Поворачиваю голову. Прожигает меня взглядом до пепла. Ненавидит? Презирает?
— В Саратове, — шепчу тихо. — Экзамены сдала. Училась, работала.
— Кольцо где?
— Какое кольцо? — спрашиваю растерянно, не совсем понимая о чем идет речь.
— Фролова, который на тебя его нацепил! — выплевывает ядовито. — Замужем, а твои шашни с Ливановым вся больница обсуждает!
В его глазах такое пренебрежение, что становится не по себе.
— Фролова — моя фамилия согласно новым документам, — признаюсь, опустив голову. — Иначе ты бы нашел меня…
— Дура, — только и произносит он.
Мы молчим, а ведь так хочется сейчас кричать в голос!

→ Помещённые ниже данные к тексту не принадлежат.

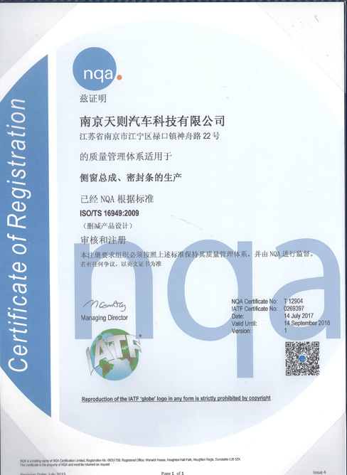 南京天則汽車科技有限公司創(chuàng)建于1998年,位于江蘇南京江寧空港國家級開發(fā)區(qū),交通便利,離機(jī)場5公里,離地鐵S1號線1公里。公司占地15000平方米,以生產(chǎn)大巴、輕客的車窗總成和密封條為主導(dǎo)產(chǎn)品,是一家集設(shè)計(jì)、研發(fā)、生產(chǎn)、銷售于一體的現(xiàn)代化企業(yè)。
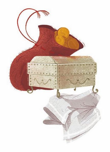 – Смотрите-ка, – говорит Лотрандо, – не ваши ли это деньги, табакерка и сопливчик? Ловко же Большой Плут их прикарманил. Ну, придётся вам пойти к нам в ученики, раз уж вы хотите и чужое брать, и свое не потерять.
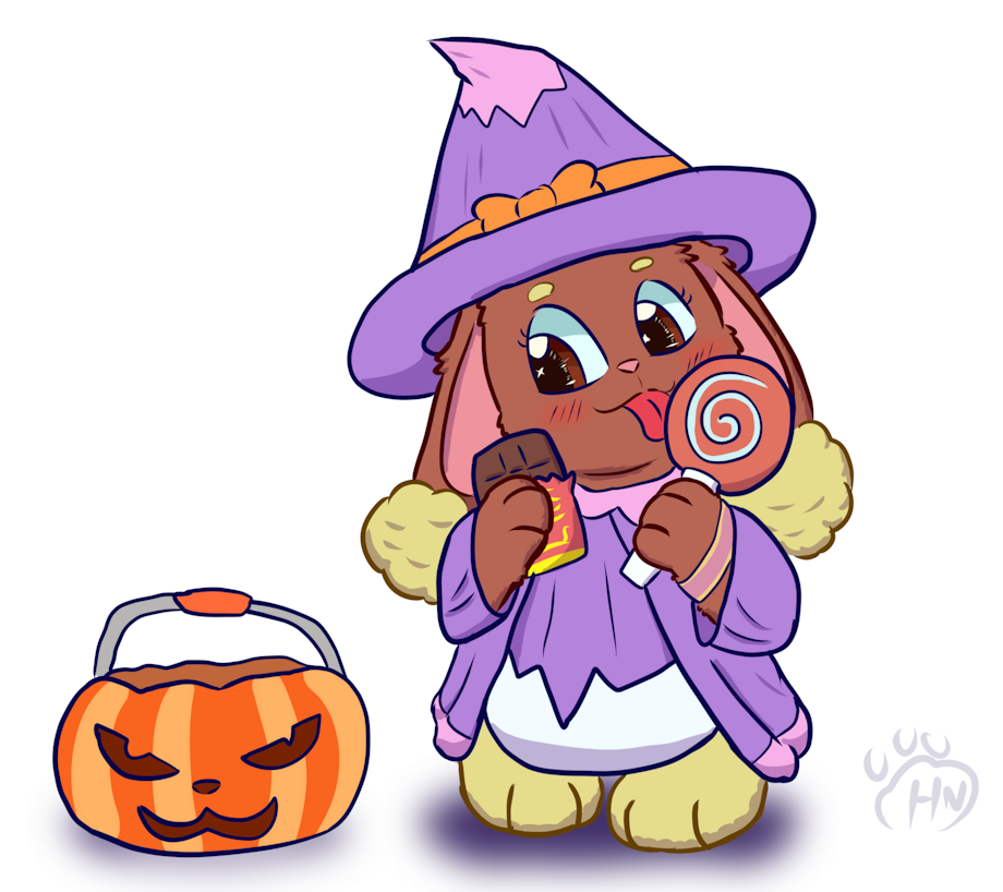 Little Dahlia in her Mismagius witch costume enjoying her Halloween candy. She's collected so many that her bucket could be considered a treasure chest.
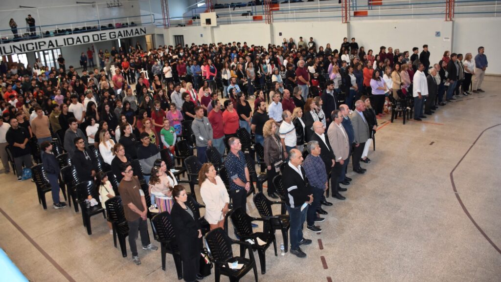 La comunidad educativa se reunió en el gimnasio municipal de Gaiman para conmemorar dos décadas de dedicación a la educación y el desarrollo local.

— Сама скажешь, кто помог?
— Неважно.
— Неважно? — его рев разносится на всю палату. — Я ради тебя на все был готов! Зачем… зачем ты это сделала!?
— Рома, пожалуйста, не надо, — глотаю слезы, не могу дышать. Кожа огнем горит в том месте, где ее касаются его пальцы.
— Говорила, что любишь. Там, на озере. В глаза мне смотрела. Ты помнишь все, что там было, м?
— Ром…
Я вспоминаю земляничное поле, купание в реке и то, что было после. Помню. Все помню. Разве могу я это забыть?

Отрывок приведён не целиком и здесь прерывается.